Methodology
Before any lever is built, its experiment is written down in full — hypothesis, metric, hyperparameters, and the keep/kill rule — and locked. Only then is it run. This is pre-registration: it stops a result from being reinterpreted after the fact to look like a success. Every rung on the ladder is gated this way.
Calibration. Pre-registration is how the program keeps measured, planned, and conjectured apart. A locked decision rule plus a closed run = measured. A locked decision rule with no run yet = planned. Most rungs are currently the latter.

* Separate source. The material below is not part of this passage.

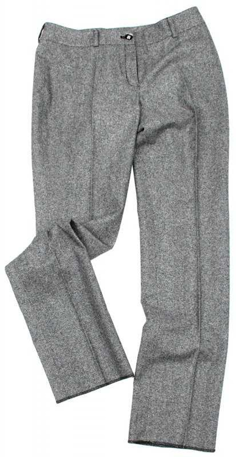 Ткань (80 шерсть, 20 пэ) с добавлением нитки люрекса - цвет серебристый, легкий отблеск, не пошлый, в общем нескучная классика! На размер 44-46 (170-88-96), при росте выше 170 носить можно будет только с обувью без каблука. Длина брюк по внешнему боковому шву 105см, по внутреннему 84см, талия занижена сантима на 3-5, брючины немного заужены книзу. Причина продажи - мне безнадежно большие

Each steering lever is gated by a pre-registered prototype experiment with mechanism traps and decision rule before paper-week investment.
Pre-reg structure (per lever)
H0.md— falsifiable hypothesis + KILL-world predictiontau.json— sha-self-locked hyperparameters (axes, prompts, conditions)power.md— effect-size and sample-size argumentdecision.json— populated post-run with gate evaluationspostmortem.md— written on decision
Trap-and-deepen
Every lever pre-reg includes ≥2 mechanism traps:
- Random null: same mask budget, randomized assignment
- Catastrophic sanity: maximal intervention; must produce qualitative pathology
- Repro sanity: baseline reproduces dense forward pass at machine precision
Trap failures kill the gate even if primary metric passes.
Lean role
Lean theorems act as boundary of trust. These are machine-checked proofs
(in Lean 4) — a different and stronger kind of claim than the empirical results: a
proved theorem is true under its stated assumptions, full stop. Each lever cites
existing correctness theorems (gauge_invariance, topk_route_stability,
gap_preserved_under_perturbation) as a trust boundary; it does not carry its
own new proof obligation. So “the lever cites a proved theorem” must not be read as
“the lever’s steering claim is proved” — the steering claims remain empirical
(measured or planned). Loose-first, tighten-later if a lever ships.
Loop ordering
experimental design → run → interpret via Lean modeling → design next.
Skipping the Lean-modeling step is rejected as empirical autopilot.